Inherit the Wind Canceled by Zealots: A Win For Freedom in America

Today, Playbill put out an article entitled Local Production of Inherit the Wind Canceled Due to Religious Objections.  The Mankato Free Press wrote about it here, three days earlier.  And it got me thinking.

Freedom can be bittersweet in its beauty.

A rural Minnesotan town of 13,000, founded by conservative Lutherans 160 years ago and home to both a conservative Lutheran college (as well as a Roman Catholic Diocese), putting pressure on residents to quit a play that goes against the conservative Lutheran religious agenda…doesn’t really shock me. Or bother me, really. In fact, it kinda’ makes me fall in love with my country.

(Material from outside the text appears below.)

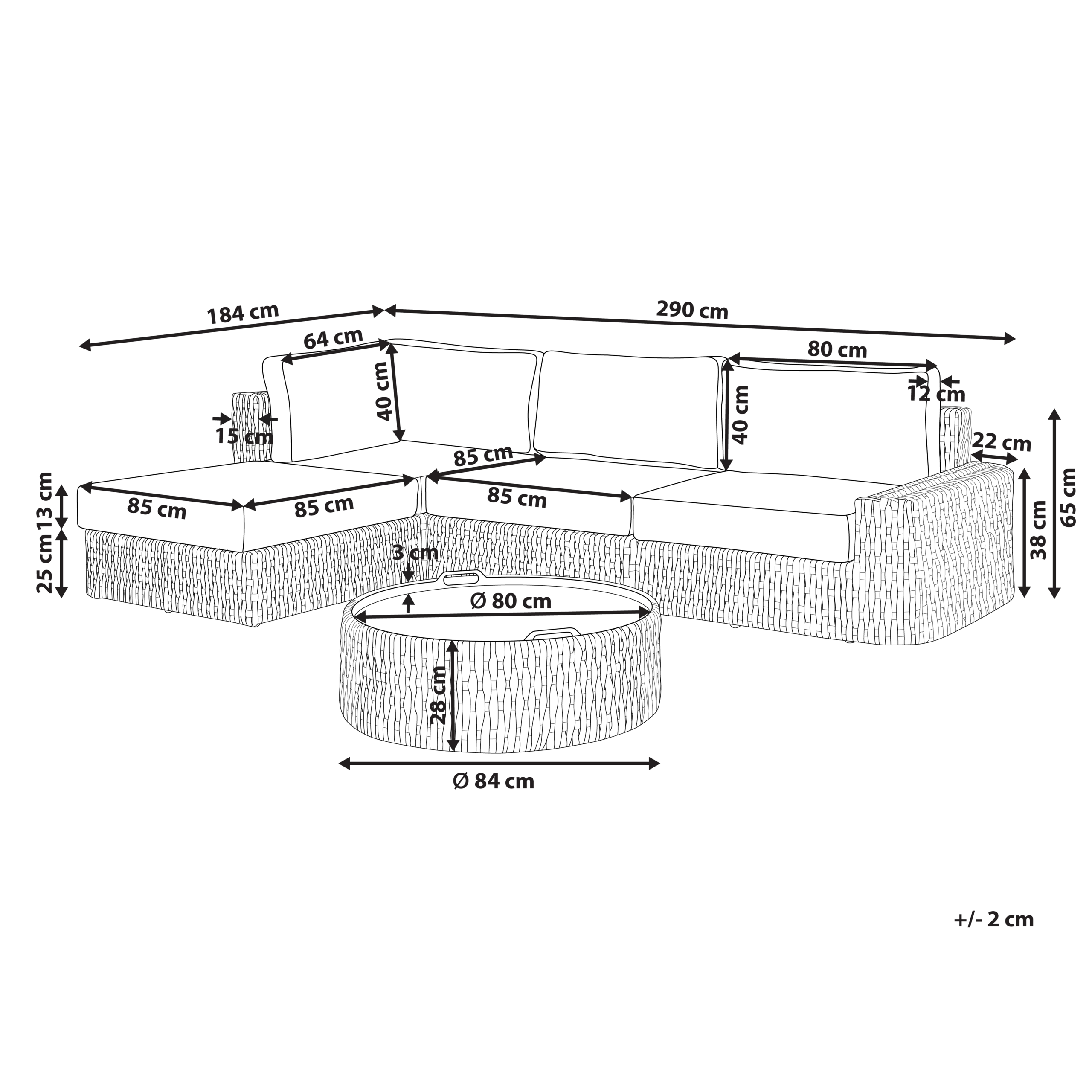 Kulmasohvan mitat: 290x184x65
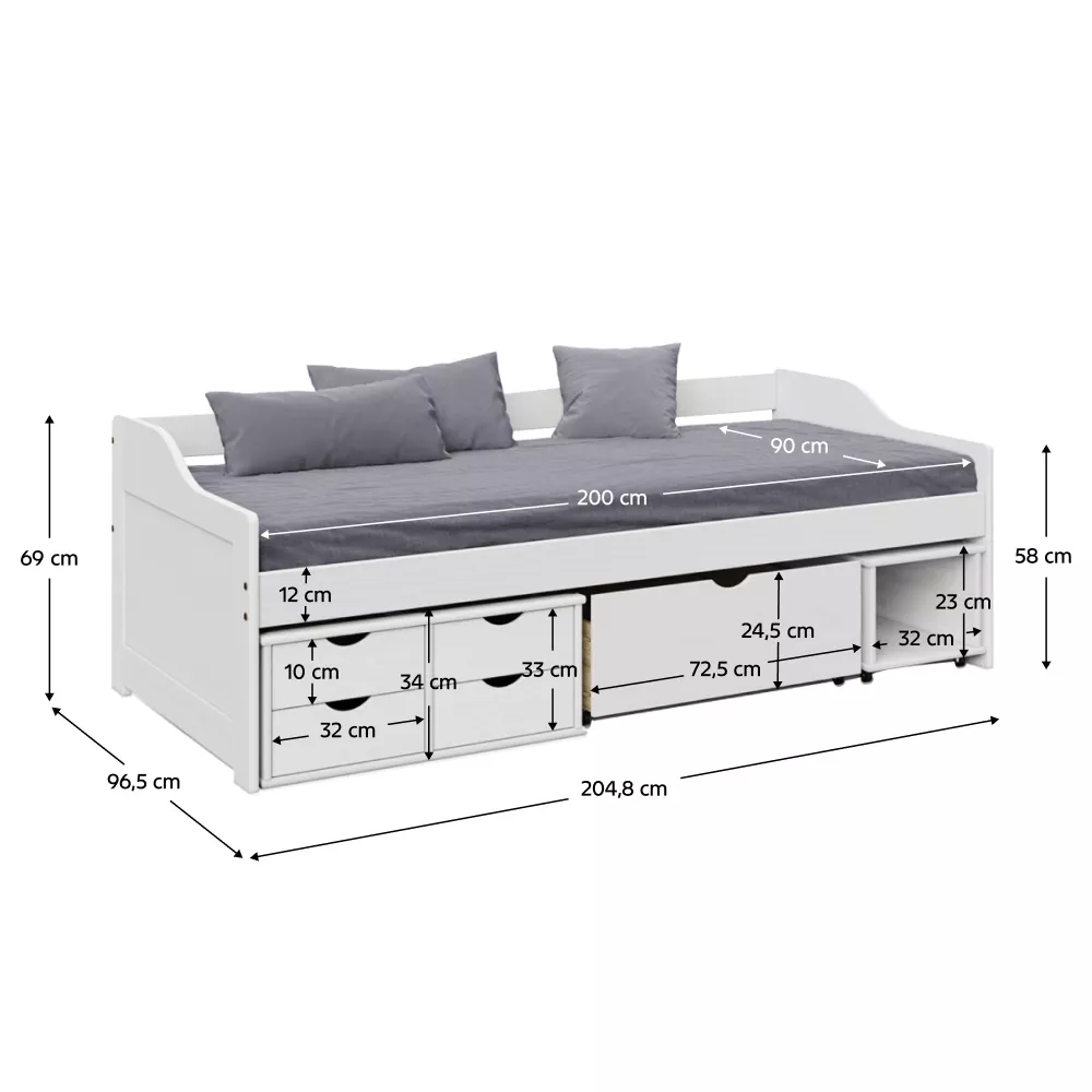 - plocha na spanie: 90 × 200 cm

It is the reality of First Amendment Rights. There was nothing illegal or immoral – even the former director said he quit because he got sick of being asked “Are you seriously gonna’ do that play?” In fact, the ACLU tried to stick their nose into it and the former director told them to piss off.

It’s the definition of civil discourse. Nobody got threatened. Nobody engaged in corruption or extortion. It was really nothing more than a play that got cancelled because it was unpopular and people didn’t want to see it. That happens all the time.

If a stage play with some anti-gay elements was set to show in San Francisco, I can see a similar situation occurring…but possibly not so civil…and probably reported by more outfits than just Playbill and a local newspaper. The fact that that hasn’t happened really makes me think, “No one is dumb enough to try to put on a homophobic play in San Francisco.” But the converse of that is, “Putting on a play that goes against a fundamental Christian teaching in a small town that is basically owned by conservative Lutheranism is kinda’ dumb.”

America is an amazing place founded in freedom. Occurrences like these are actually Wins for that ideology. No unconstitutional legislation or behavior – just The Power of The People, freely stating what they want – and getting it. The very definition of Constitutionality. The bittersweet beauty of freedom.